### Description of the task
Print the whole listing below exactly, skipping every picture.

### Dataset extract

== == ==

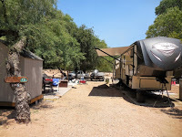 The RV life has ups and downs. The "big RV", as our granddaughter calls it, isn't even a year old. We've had some problems with it since day one...heater, refrigerator, leaking pipes, badly installed trim and odds and ends. The leak under the sink ruined the wood of the center island and has to be replaced. When we took it to the dealer in February, they couldn't complete the repairs because the parts ordered were wrong. We were not happy, and we expressed our displeasure firm enough that we got a free dinner on them. Not a total loss.
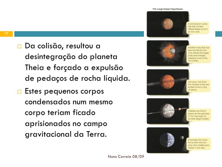 17. 17. 17  Da colisão, resultou a desintegração do planeta Theia e forçado a expulsão de pedaços de rocha líquida.  Estes pequenos corpos condensados num mesmo corpo teriam ficado aprisionados no campo gravitacional da Terra. Nuno Correia 08/09
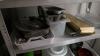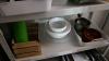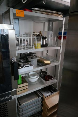 Opbergrek met inhoud : plastieken bakken - gastronormbakken - maatbekers - schuimspanen - ovenschotels- schalen enz...
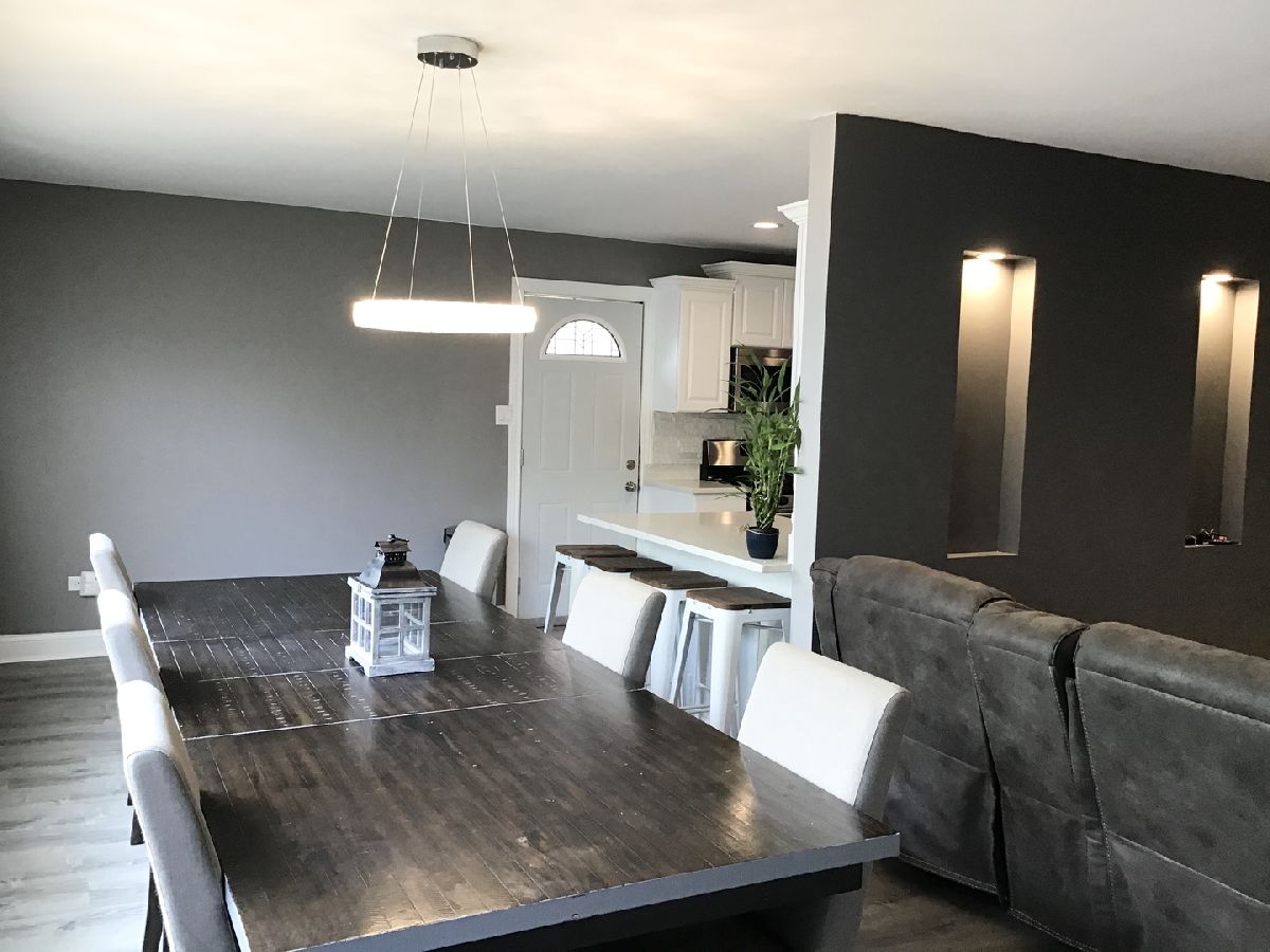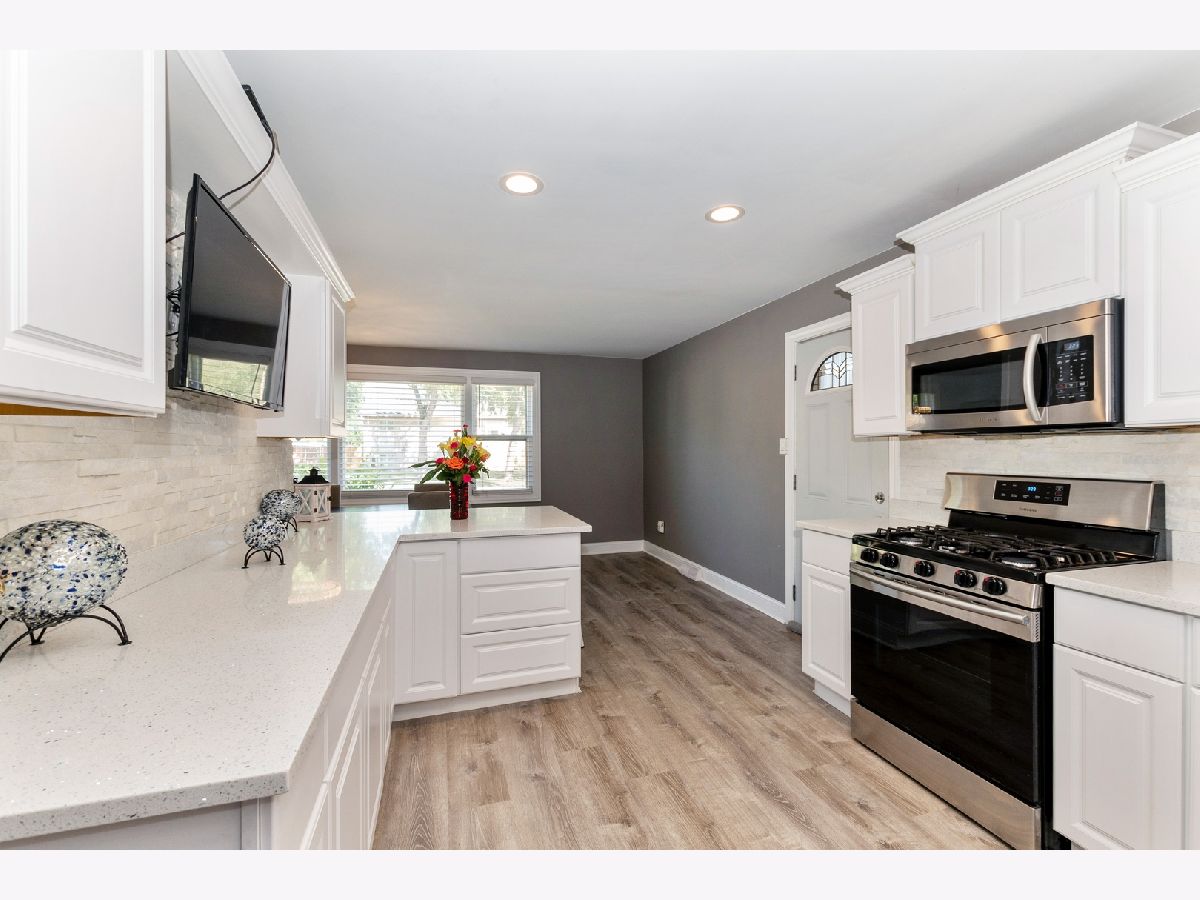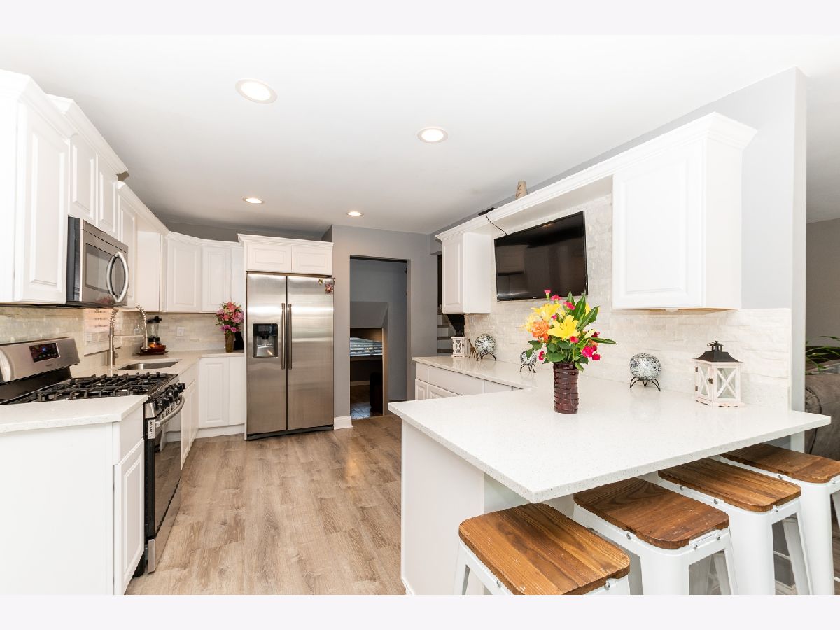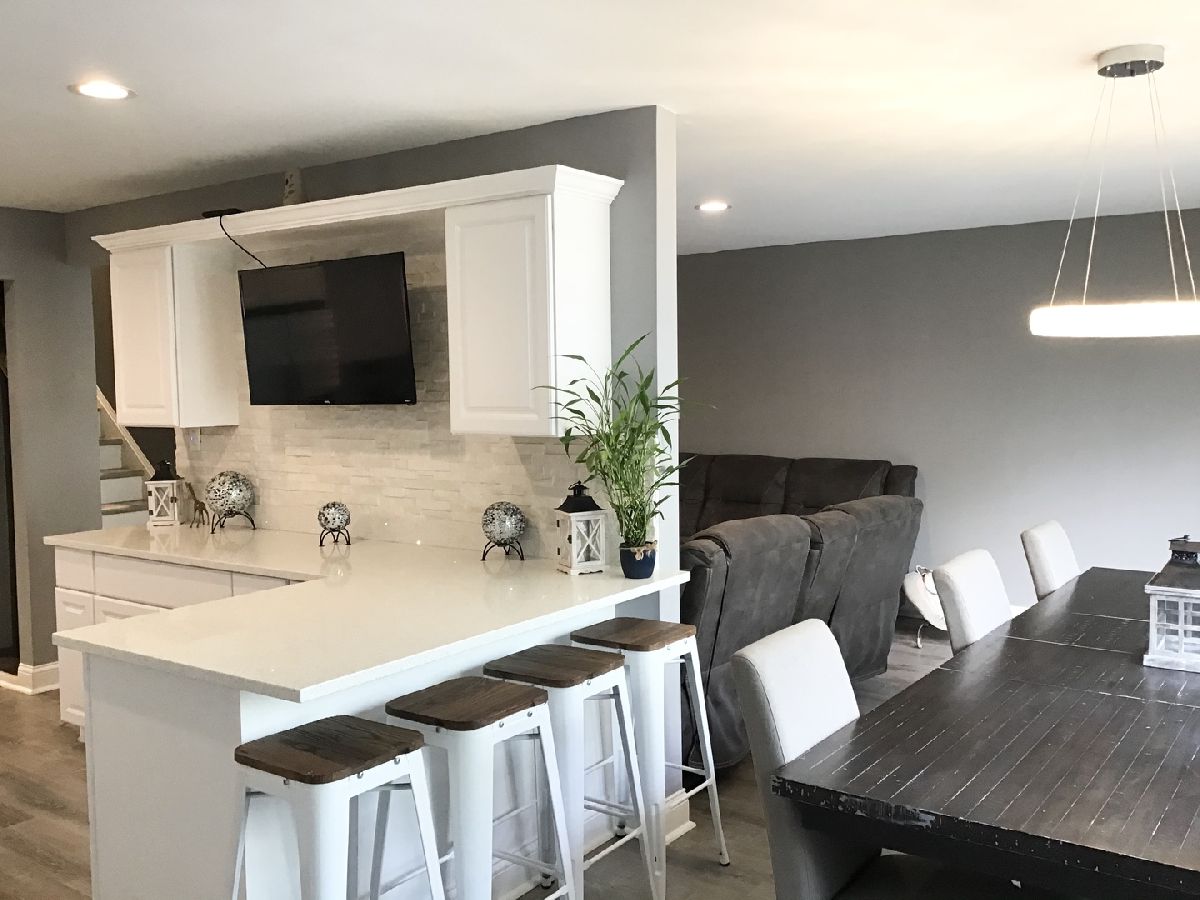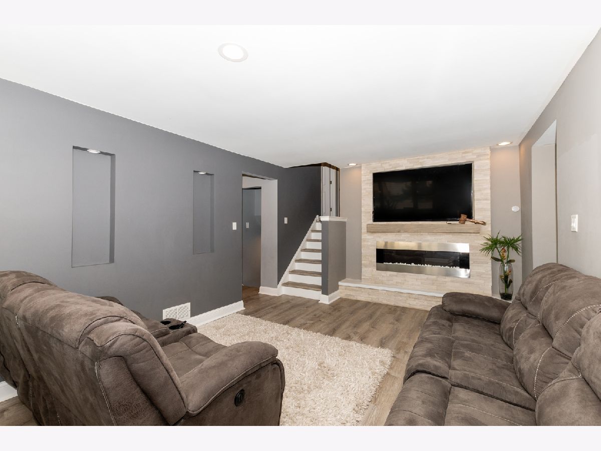 Tastefully decorated bi-level home awaits you!!! Meticulously kept. Attention to detail is what this proud owner has to offer the lucky, new buyer. Walk into the living room and feast your eyes on the gorgeous, built-in fireplace, nicely surrounded with a white brick-like wall. Modern flooring, and nice crystal-like lighting fixtures and recessed lighting. Stroll through the open floor plan, from the living to the dining room then the kitchen with a side door, white newer cabinets, granite countertops, breakfast bar, and stainless steel appliances. Walk a few steps up and you will find the nicely decorated bedrooms and updated full bathroom. The lower level features a lovely family room for entertaining family and/or friends. A closed in laundry room, and a second full bathroom. The exterior will continue to amaze you with the side landscape and back yard setting. There is absolutely nothing to do, but pack your bags, move in and enjoy this awesome home!

== == ==

### Answer for the task
 The RV life has ups and downs. The "big RV", as our granddaughter calls it, isn't even a year old. We've had some problems with it since day one...heater, refrigerator, leaking pipes, badly installed trim and odds and ends. The leak under the sink ruined the wood of the center island and has to be replaced. When we took it to the dealer in February, they couldn't complete the repairs because the parts ordered were wrong. We were not happy, and we expressed our displeasure firm enough that we got a free dinner on them. Not a total loss.
 17. 17. 17  Da colisão, resultou a desintegração do planeta Theia e forçado a expulsão de pedaços de rocha líquida.  Estes pequenos corpos condensados num mesmo corpo teriam ficado aprisionados no campo gravitacional da Terra. Nuno Correia 08/09
 Opbergrek met inhoud : plastieken bakken - gastronormbakken - maatbekers - schuimspanen - ovenschotels- schalen enz...
 Tastefully decorated bi-level home awaits you!!! Meticulously kept. Attention to detail is what this proud owner has to offer the lucky, new buyer. Walk into the living room and feast your eyes on the gorgeous, built-in fireplace, nicely surrounded with a white brick-like wall. Modern flooring, and nice crystal-like lighting fixtures and recessed lighting. Stroll through the open floor plan, from the living to the dining room then the kitchen with a side door, white newer cabinets, granite countertops, breakfast bar, and stainless steel appliances. Walk a few steps up and you will find the nicely decorated bedrooms and updated full bathroom. The lower level features a lovely family room for entertaining family and/or friends. A closed in laundry room, and a second full bathroom. The exterior will continue to amaze you with the side landscape and back yard setting. There is absolutely nothing to do, but pack your bags, move in and enjoy this awesome home!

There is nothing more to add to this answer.